I think you make some good points, I'm a bit torn on this topic and am not sure what to think yet. I do however agree that preventing the user from hiding any topic they don't want to see is harmful.
Platforms need to add common-sense controls like category blocking and family modes (which the user can craft themselves).
My biggest complaint here is the platform deciding what I want to watch.
I don't think people care about the nudity as much as they care about the intent behind the nudity. Streamers seem to be edging as close to the line of porn as they can in order to gain views and money. This isn't someone simply walking around a beach without a top on.
I don't care if people want to fingerbang or jack themselves on cam while playing Zelda, but don't fucking blend it in and recommend it to people on a site specifically designed for children. That's what turns it from "someone seeking it out on their own" (as with the availability of porn on the rest of the internet) to "let's shove it in your face to boost our quarterly profits during an economic slump." People can claim that this all should be prevented by rules and tags but let's be real people are going to do whatever they can to skirt the rules and standout from the crowd and no human being is actually going to be moderating any of this just like with YouTube, Facebook, Instagram, or any other similar site.
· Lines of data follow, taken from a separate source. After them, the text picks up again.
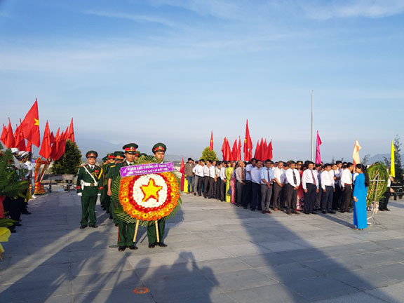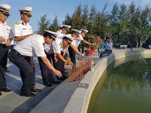 Lễ đặt vòng hoa và dâng hương tưởng niệm diễn ra với sự trang trọng, thành kính của các lực lượng vũ trang nhân dân, Đoàn thanh niên tỉnh. Các chiến sĩ hải quân khắc khoải nhớ về người đồng đội, lớp người đi trước đã hi sinh cho "Vòng tròn bất tử Gạc Ma".
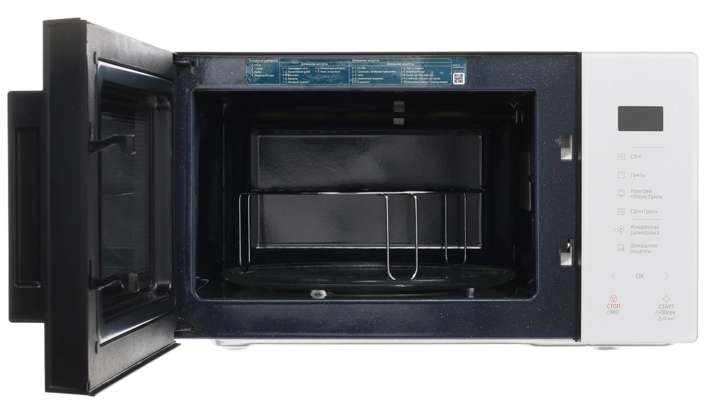 i Поворотный стол — это крутящееся блюдо в центре. Его отсутствие позволяет поместить в камеру посуду большого размера или неправильной формы.
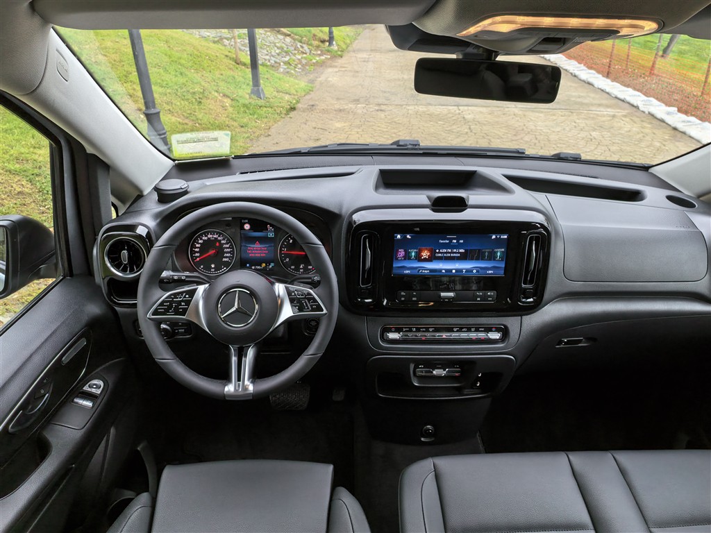 İç mekânda Vito, sürücü odaklı kokpit ve ergonomik koltuklarıyla uzun yolculuklarda konfor sunuyor. 2 kişilik ön sıra ve opsiyonel 3 kişilik orta sıra, ekip taşımacılığı için yeterli alan sağlıyor. Orta konsolda yer alan multimedya ekran, Apple CarPlay ve Android Auto destekli, sürücünün tüm ihtiyaçlarını kolayca yönetmesine imkân tanıyor.
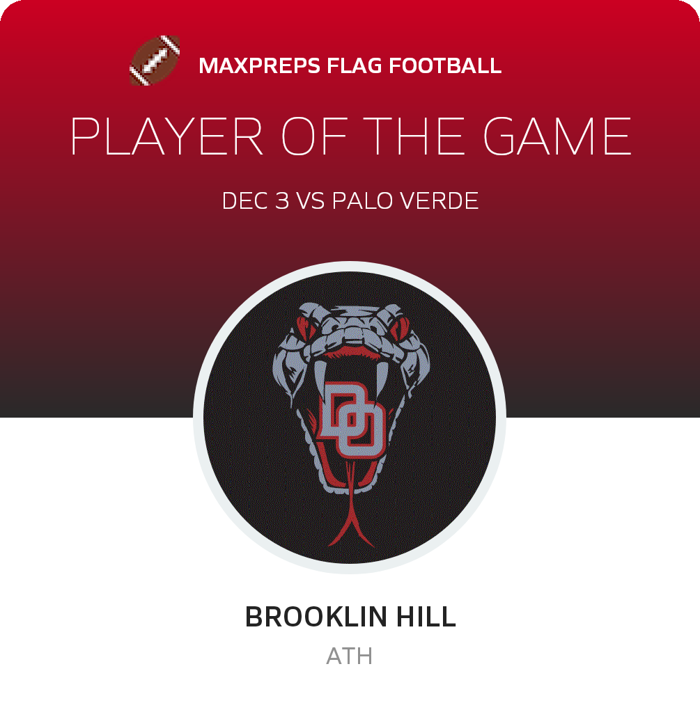 Congratulations to #10 Brooklin Hill for being selected the Desert Oasis Girls Flag Football Player of the Game.
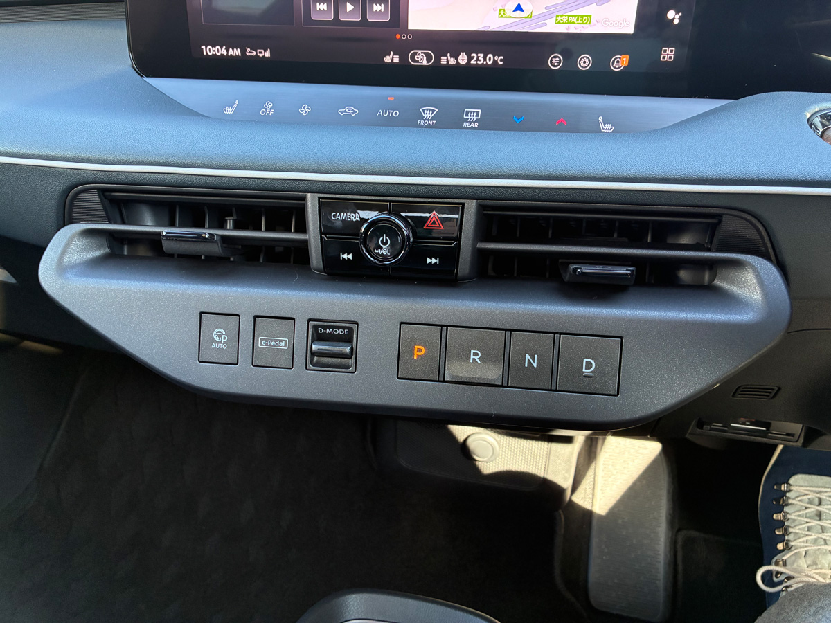 センターディスプレイの下にP/R/N/Dと横に並んだシフトスイッチの台座部分がここだけ艶消しグレーの樹脂製で、水道パイプを思わせて安っぽく見える。悪目立ちしている。その点について、商品戦略本部のチーフプロダクトスペシャリストのE氏に訊ねると、「当初はピアノブラック仕上げにする案で進んでいたが、“ピアノブラックは指紋の後が残って見苦しくなる”という別の車種でのクレームが世界中から寄せられていることを勘案して止めました。代わりに、この素材を選んだという次第です」
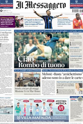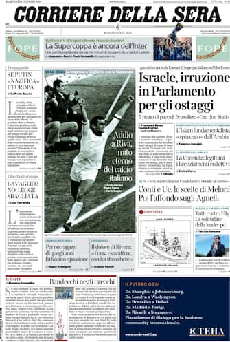 L'irruzione nel Parlamento israeliano dei parenti degli ostaggi di Hamas in apertura su alcuni quotidiani. Spazio anche al ddl sull'Autonomia differenziata che verrà approvato oggi in Senato. Unanime il cordoglio per la scomparsa, all'età di 79 anni, di Gigi Riva, simbolo dello scudetto del Cagliari nel 1970 e bomber dei bomber con la Nazionale
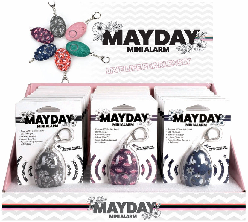 Deter predators wherever you go! These colorful personal safety alarms are the practical accessory everyone needs. Pull the alarm pod from its keychain to emit an ear-splitting 100 decibel sound! MAYDAY also has a push-button LED flashlight for emergencies and small spaces. Lobster claw clip attaches easily to purses, back packs and belt loops for easy access when you need it. Great for campus life, solo trips, late nights and parking lots!
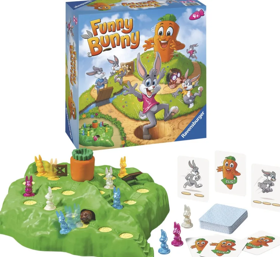 Vores små harer løber om kap for at nå den saftige gulerod på toppen af bakken Men vejen dertil er fuld af overraskelser Nogle gange åbner der sig pludselig huller. som – plump – haren forsvinder ned i, og andre gange skubber en fræk muldvarp kækt haren ned ad bakken Desuden gør en klapbro og en gitterlåge vejen til målet vanskelig for harerne Indhold 1 spillebakke med bevægelige huller, en muldvarp, en klapbro, en gitterlåge og en drejegulerod, 16 skinnende harefigurer. 48 spillekort, 1 vejledning Fra 4 år 2-4 spillere Spilletid ca 20 minutter
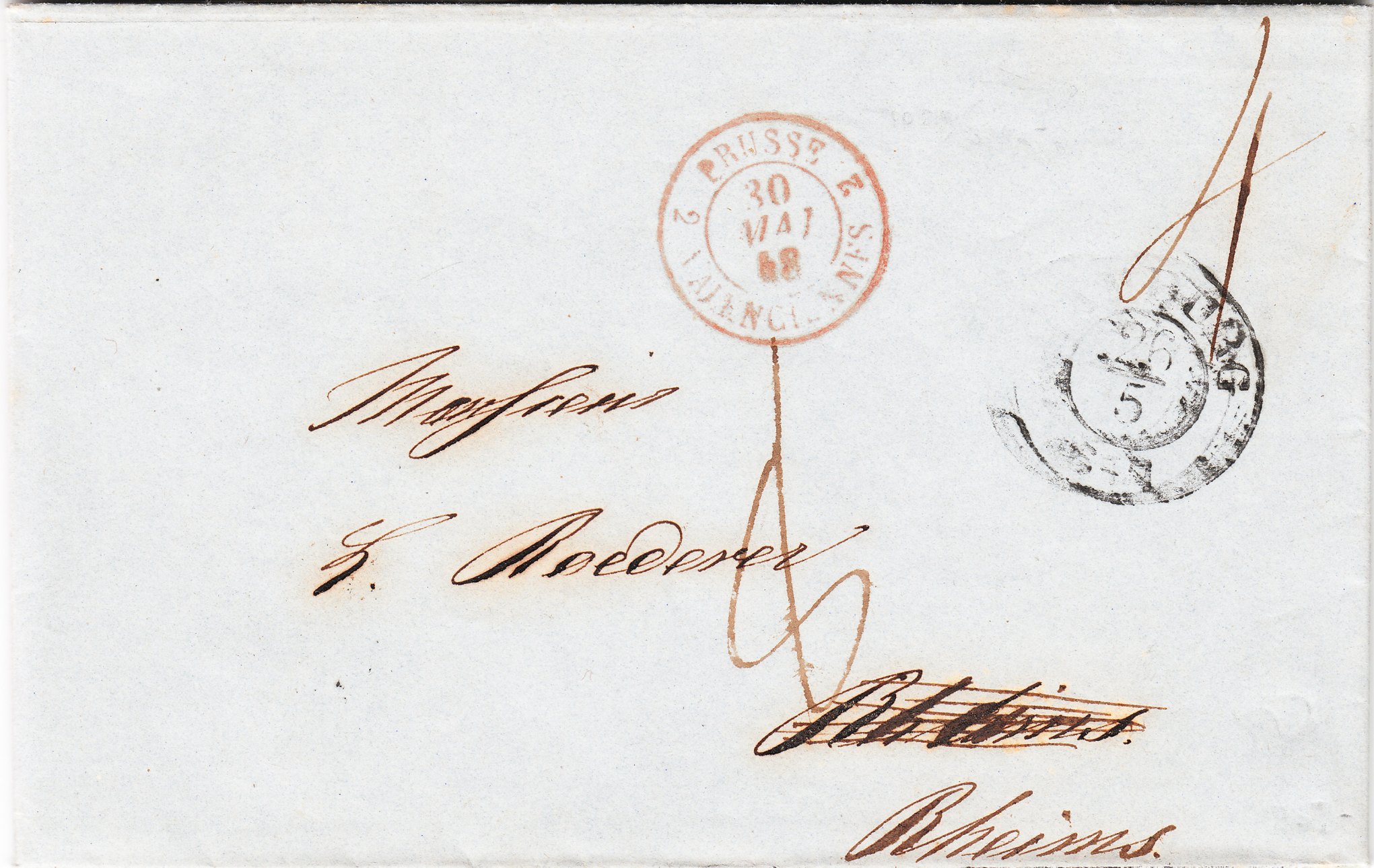 Am 30.05.1848 wurde im Grenzpostamt ein Zweikreisstempel "2 PRUSSE 2 VALENCIENNES 30 MAI 48" in Rot abgeschlagen.
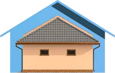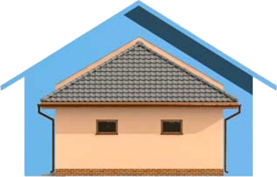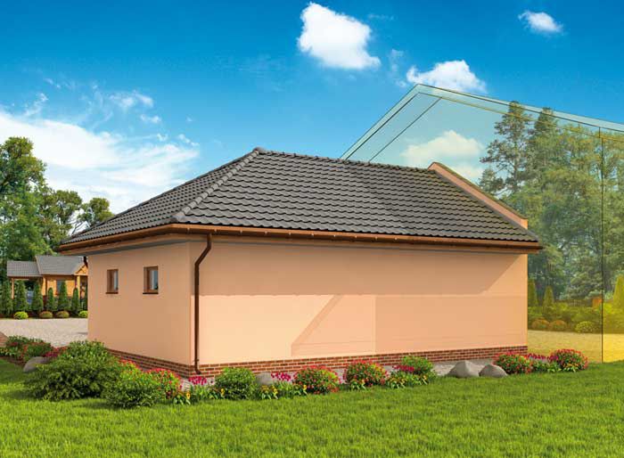 Technologia tradycyjna :- powierzchnia użytkowa budynku -61,75m2- powierzchnia zabudowy -70,00m2 - powierzchnia całkowita -70,00m2 - kubatura -293,00m3 - ściany zewnętrzne nośne murowane grubości 25cm - wszystkie ściany wykonane z pustaków ceramicznych "POROTHERM" - wysokość budynku 5,43m - dach wielospadowy 30° - więźba dachowa drewniana - pokrycie dachu dachówka ceramiczna - wymiar bram garażowych 2,4x2,4m

Also I think parents want to know when an app has nudity. Twitch is rated 14 plus on Google play store. Parents wouldn't expect nudity on it.
Also this was already walked back likely because disney and other advertisers didn't want thier ads to run in front of nudity / porn
There's a huge difference between nudity in the neutral sense of "no clothes on" and erotica (which may or may not involve nudity, but usually does).
My kids see nudity all the time. They see me and their mum nude in the mornings when we're getting dressed, they see people nude in the changing rooms at the swimming pool, they undoubtedly see other kids nude at nursery in the course of the day. That's all normal and healthy.
That's not the same as letting my 3 year old watch porn.
Porn is a complex subject even for adults, and absolutely needs an adult perspective to contextualise it, understand it, and potentially recognise when something about it is seriously wrong. This is something that is perfectly reasonable to limit to adults.